Die irische Regierung hat nach langem Zögern den Termin für ein zweites Referendum über den EU-Reformvertrag von Lissabon festgelegt: Die Iren sollen am 2. Oktober darüber abstimmen. Im Juni 2008 hatten sie den Vertrag mit 53 Prozent der Stimmen abgelehnt und die EU damit in eine schwere Krise gestürzt.

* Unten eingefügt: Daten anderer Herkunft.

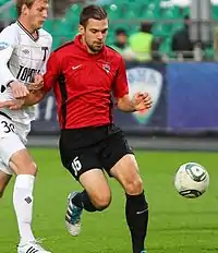 In June 2010 Kļava went on trial with the Russian Premier League club Anzhi Makhachkala and signed a three-year contract with them in August the same year.[3] He was given the nr. 83 jersey at the club and, despite his surname being Kļava, he had his name Oskars written on it. He made his Premier League debut in the 17th round match against CSKA Moscow, coming on as a substitute on 15 August 2010.[4] In his first season in Makhachkala Kļava appeared in 11 Premier League matches, as well as 12 reserve team games, scoring 1 goal.[5] He lost his place in the starting line-up after the arrival of the Brazilian legend Roberto Carlos.

BRÜSSEL. Mittlerweile haben sich die Chancen für den Vertrag Umfragen zufolge verbessert. Grund dafür ist die Finanzkrise. Sie hätte Irland noch härter getroffen, wenn das Land nicht Mitglied der EU und der Euro-Zone wäre. Deshalb hat die EU in Irland neues Ansehen gewonnen. Deutlich wurde dies bei der Europawahl im Mai. Die europaskeptische Bewegung Libertas, die vor dem letzten Referendum erfolgreich Stimmung gegen den EU-Vertrag gemacht hatte, schaffte den Sprung ins Europaparlament wider Erwarten nicht.

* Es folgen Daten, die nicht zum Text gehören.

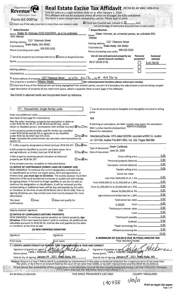 | 1 | 11/27/2020 | DEATH CERT | DEATH CERTIFICATE | HICKMAN EILEEN WILHEMINA ESTATE | HICKMAN CARLA | | | $0.00 | 140741 | 2021-00611 |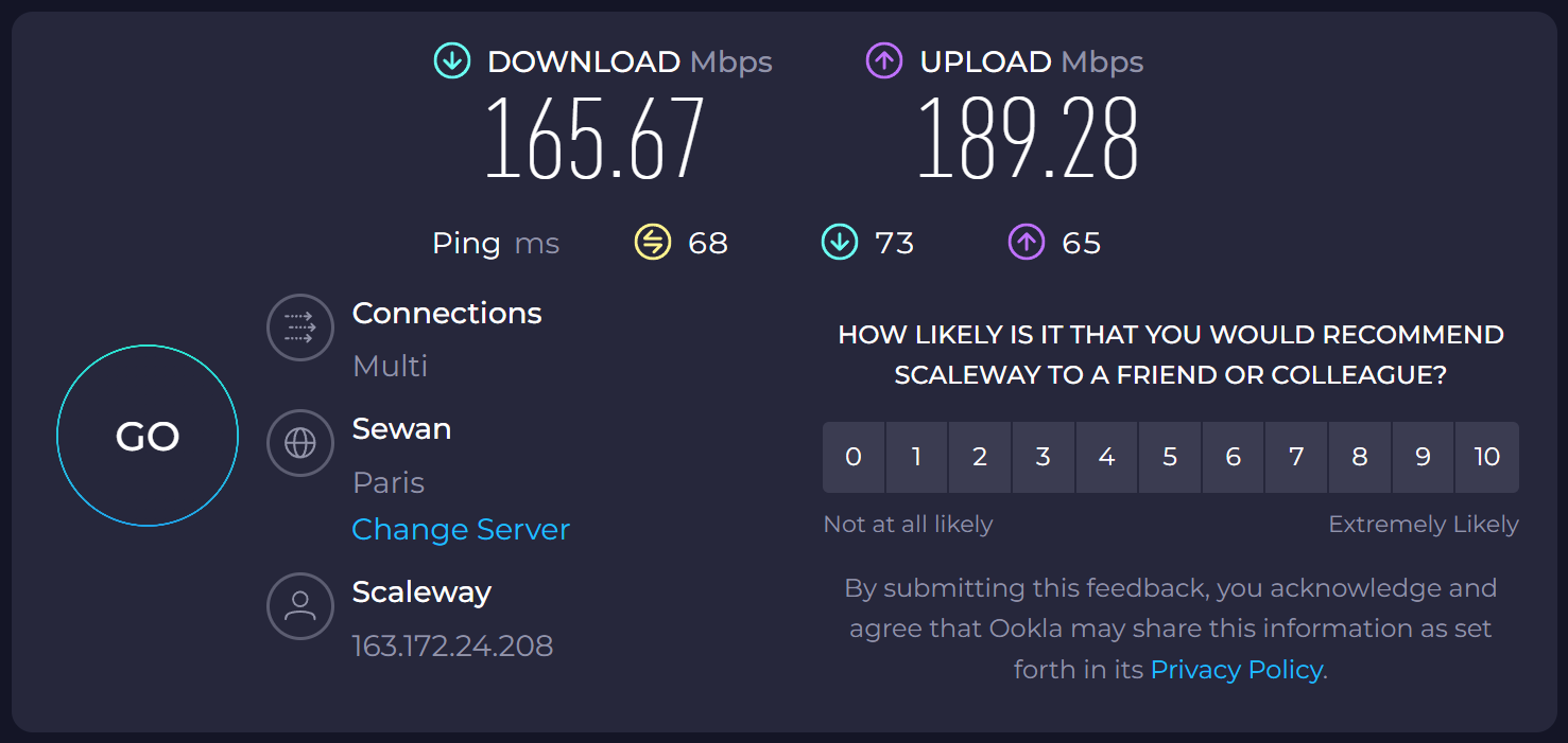 Тестовая скорость соединения по Vless-протоколу на скриншоте ниже. Особенно хорошо выглядит показатель пинга :)

Irlands Regierungschef Brian Cowen handelte der EU zudem einige Zugeständnisse ab, um seinen Landsleuten die Angst vor dem Lissabon-Vertrag zu nehmen. Demnach darf Irland sein Abtreibungsverbot, seine militärische Neutralität und seine Steuergesetzgebung behalten. Außerdem behält Irland seinen Sitz in der EU-Kommission. Entsprechende Garantien beschlossen die EU-Regierungschefs Mitte Juni. Die irische Opposition warnte dennoch, dass das Referendum auch dieses Mal wieder zur Wackelpartie werden könnte.

Wegen seiner Unkalkulierbarkeit gilt das irische Referendum als letzte große Hürde für den Vertrag von Lissabon. Zwar haben drei andere EU-Staaten den Vertrag ebenfalls noch nicht ratifiziert. Deutschland muss erst noch die Beteiligung des Bundestages an der Europapolitik gesetzlich regeln. Das soll noch vor der Bundestagswahl geschehen. Außerdem fehlen noch die Unterschriften der europaskeptischen Staatspräsidenten Tschechiens und Polens. Dass sie den Vertrag aufhalten, wenn alle anderen Länder zugestimmt haben, gilt in Brüssel aber als wenig wahrscheinlich.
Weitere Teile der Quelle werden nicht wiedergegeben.